Information shown
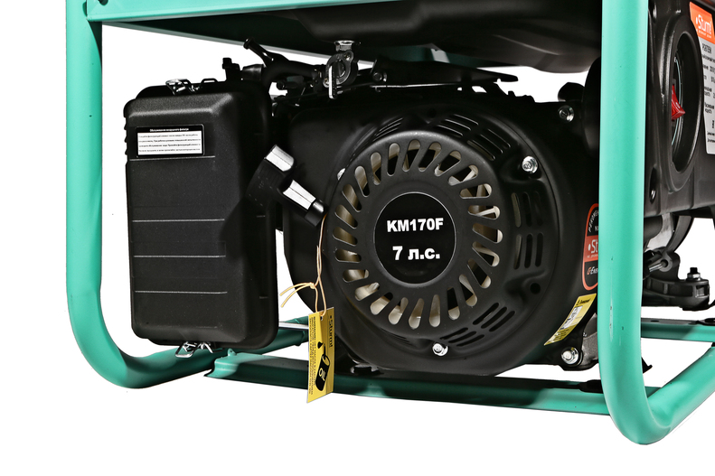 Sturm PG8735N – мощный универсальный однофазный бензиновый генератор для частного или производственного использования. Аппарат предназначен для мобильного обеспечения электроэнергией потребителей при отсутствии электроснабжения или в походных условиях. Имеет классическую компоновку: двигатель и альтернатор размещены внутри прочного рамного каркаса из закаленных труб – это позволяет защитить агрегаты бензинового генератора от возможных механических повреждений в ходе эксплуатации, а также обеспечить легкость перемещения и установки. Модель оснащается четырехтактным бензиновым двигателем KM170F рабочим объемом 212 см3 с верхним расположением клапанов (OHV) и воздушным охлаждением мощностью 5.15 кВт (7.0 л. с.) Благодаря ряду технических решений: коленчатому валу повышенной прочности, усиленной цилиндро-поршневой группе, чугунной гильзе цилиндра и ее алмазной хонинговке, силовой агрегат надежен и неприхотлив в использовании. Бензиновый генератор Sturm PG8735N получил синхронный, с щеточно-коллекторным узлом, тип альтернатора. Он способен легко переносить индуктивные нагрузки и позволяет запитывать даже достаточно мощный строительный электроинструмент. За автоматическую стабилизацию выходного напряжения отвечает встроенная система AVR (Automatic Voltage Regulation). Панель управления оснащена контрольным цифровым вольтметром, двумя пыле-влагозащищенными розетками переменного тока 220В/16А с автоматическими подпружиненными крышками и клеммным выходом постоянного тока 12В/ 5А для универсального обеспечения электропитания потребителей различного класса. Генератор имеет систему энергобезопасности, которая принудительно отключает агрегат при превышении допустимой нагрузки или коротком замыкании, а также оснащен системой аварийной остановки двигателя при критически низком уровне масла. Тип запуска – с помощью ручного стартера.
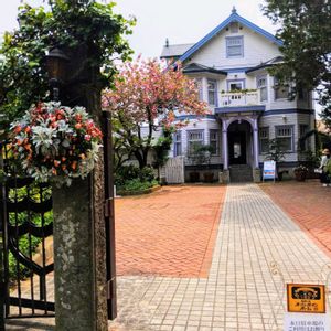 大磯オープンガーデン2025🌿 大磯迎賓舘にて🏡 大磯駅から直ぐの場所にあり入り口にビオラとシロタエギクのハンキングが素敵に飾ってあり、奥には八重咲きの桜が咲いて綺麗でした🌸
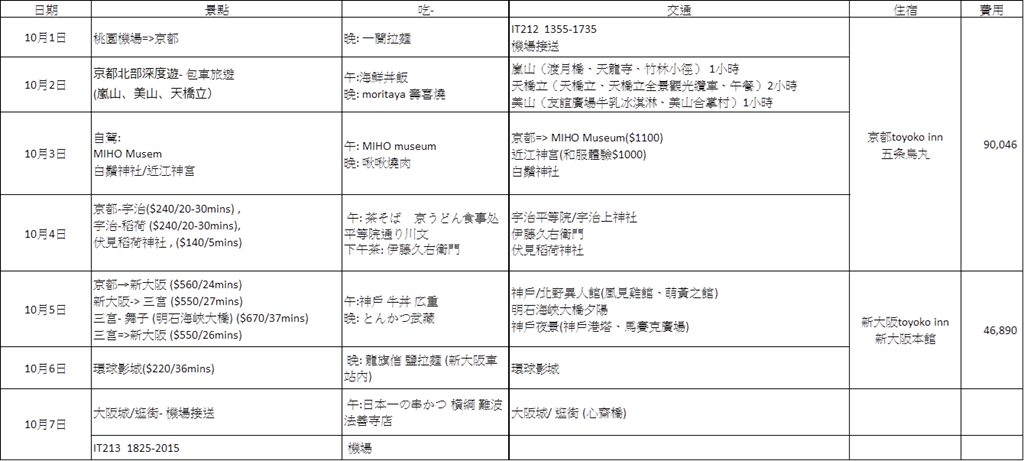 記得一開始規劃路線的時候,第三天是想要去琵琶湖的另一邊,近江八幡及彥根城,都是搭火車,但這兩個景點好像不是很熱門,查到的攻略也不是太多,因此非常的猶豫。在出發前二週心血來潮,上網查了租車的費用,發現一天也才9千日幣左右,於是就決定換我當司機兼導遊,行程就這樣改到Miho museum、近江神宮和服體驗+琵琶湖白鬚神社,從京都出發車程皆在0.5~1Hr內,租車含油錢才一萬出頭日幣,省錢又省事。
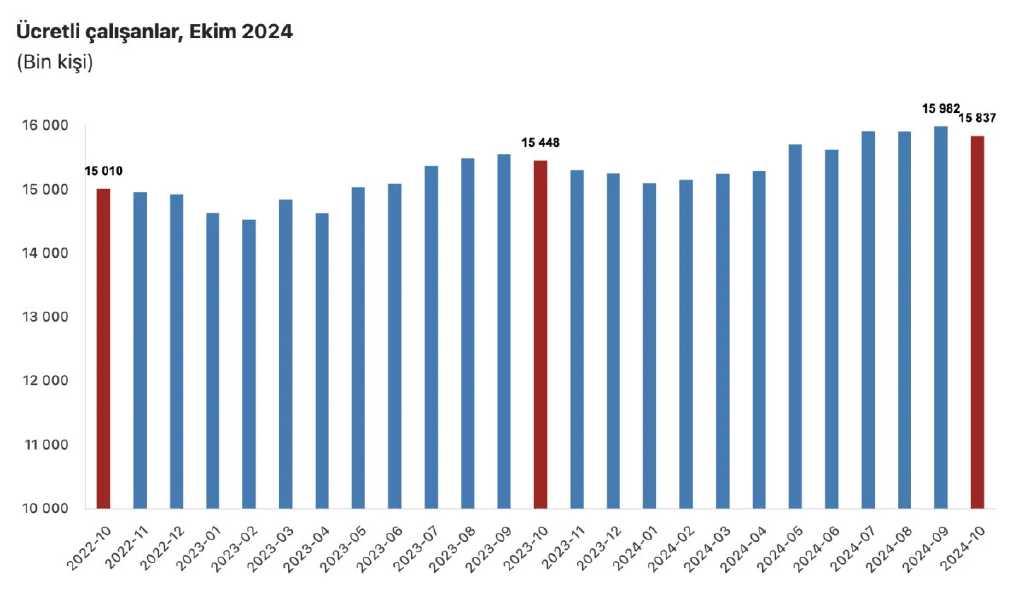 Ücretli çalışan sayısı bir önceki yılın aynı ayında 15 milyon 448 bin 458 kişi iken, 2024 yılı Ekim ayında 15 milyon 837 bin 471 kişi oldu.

What is expected
Your output must consist only of the lines from the line with "記得一開始規劃路線的時候,第" through the final line of the data, both included, reproduced exactly and free of pictures.

Result of the task
 記得一開始規劃路線的時候,第三天是想要去琵琶湖的另一邊,近江八幡及彥根城,都是搭火車,但這兩個景點好像不是很熱門,查到的攻略也不是太多,因此非常的猶豫。在出發前二週心血來潮,上網查了租車的費用,發現一天也才9千日幣左右,於是就決定換我當司機兼導遊,行程就這樣改到Miho museum、近江神宮和服體驗+琵琶湖白鬚神社,從京都出發車程皆在0.5~1Hr內,租車含油錢才一萬出頭日幣,省錢又省事。
 Ücretli çalışan sayısı bir önceki yılın aynı ayında 15 milyon 448 bin 458 kişi iken, 2024 yılı Ekim ayında 15 milyon 837 bin 471 kişi oldu.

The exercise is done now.